Design supplied by the agency in 2024
Design wasn’t just underperforming, it also lacked governance. Before redesigning interfaces, we needed to redesign how design operated across the portfolio.

A glimpse of designs developed by the in-house design team in 2024
Building the Design Organization from Zero
In year one, I worked alone. By year six, the team had grown to eight designers across the North America, EMEA and India, supported by consultants and managed vendors. The growth was steady 0 → 2 → 5 → 8 → 10 designers.

As maturity increased, roles evolved from generalists into specialists aligned with business priorities — design systems, CRO experimentation, automation/AI integration, and senior brand-aligned product designers.

I introduced hiring scorecards, structured performance reviews (annual + quarterly), KPI-linked evaluation, and regional salary benchmarking guidance. Two designers were promoted into senior roles under my leadership; two exits were managed after extended coaching cycles to maintain standards.
Governance in a Legacy Ecosystem
There was no historical design system or infrastructure to support one. Rather than impose a rigid portfolio-wide layer, we built brand-adaptable governance grounded in shared principles.

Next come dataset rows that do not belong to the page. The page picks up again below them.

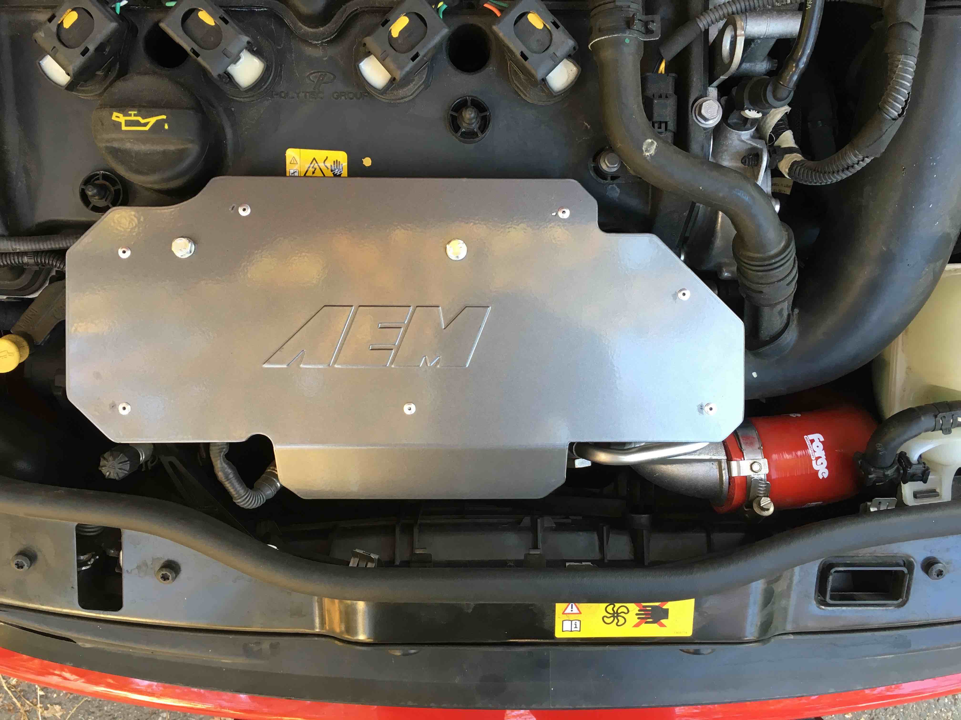 Když se podíváte na detail fotky tepelného štítu, tak také vidíte červenou trubku vedoucí z turba do intercooleru, která přidala krásný dunivý zvuk :D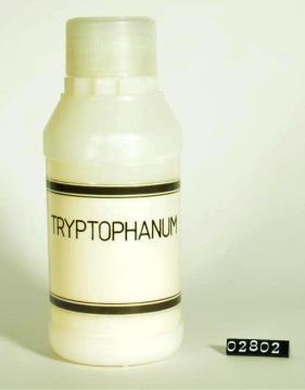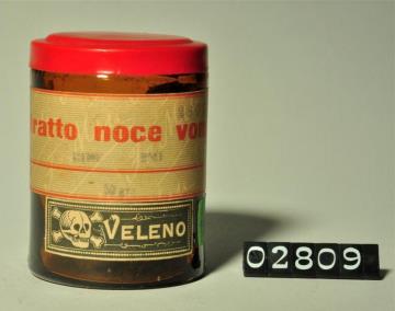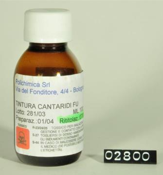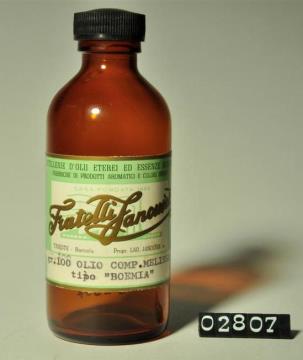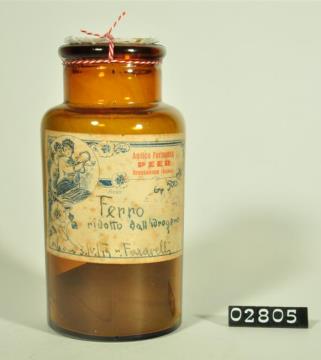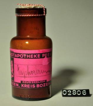 Runde, braune Weithalsflasche mit Korkstopfen. Verstärkter, flacher Mündungsrand. Etikettiert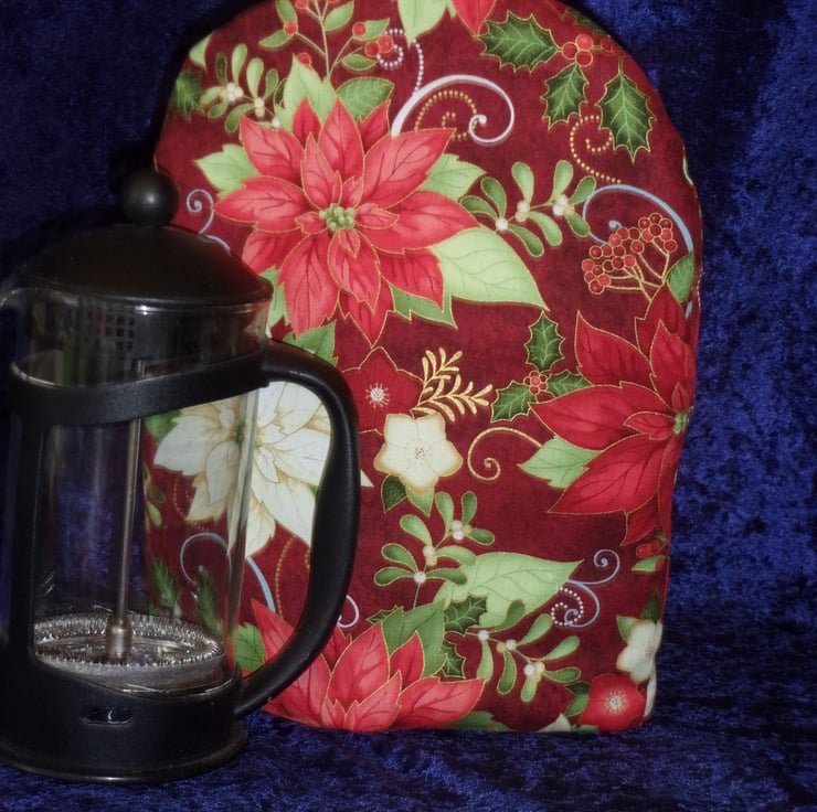 This Christmas Themed Coffee Pot or Cafetere Cosy is designed for a larger pot - 6-8 Cup - and will keep your Coffee hot for a couple of hours.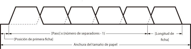 Confirme que no se supera el tamaño de papel basándose en los valores especificados en [Posición de primera ficha], [Longitud de ficha], y [Paso]. Si se muestra un mensaje de error al hacer clic en [Aceptar] después de especificar los valores, ajuste los siguientes valores para que el total sea inferior a la altura del tamaño de papel establecido en [Tamaño de salida].

Using React and Tailwind tokens, we gradually introduced reusable components. Adoption required patience. Legacy infrastructure often resisted modernization, so we relied on small proof-of-concept experiments to demonstrate measurable KPI movement.
Reclaiming Strategic Ownership from Agencies
The inflection point came when design aligned directly with commercial metrics. In initiatives such as the Quark Expeditions and TCS World Travel website transformation, we restructured funnel architecture, RAQ journeys, SEO alignment, and CMS migration alongside e-commerce rebuilding. The results were measurable:

Operationally, delivery resolution improved by 82%, and concept-to-approval cycles accelerated by 50–60%. Design moved from execution layer to commercial multiplier.
Navigating Complexity
The biggest challenges were structural — legacy systems, tighter budgets, and uneven maturity. Through incremental proof and disciplined focus, we built a self-sustaining design function and strong core values.

Culture, Ethos & Teamwork
Structure alone does not scale — culture does. We introduced mandatory quarterly workshops, AI enablement during early skepticism, hackathons, and a pod leadership model.
Quark Expedition AI Hackathon, 3 days, May 2025
Designers began mentoring each other, presenting to C-suite stakeholders, and defending KPI narratives independently.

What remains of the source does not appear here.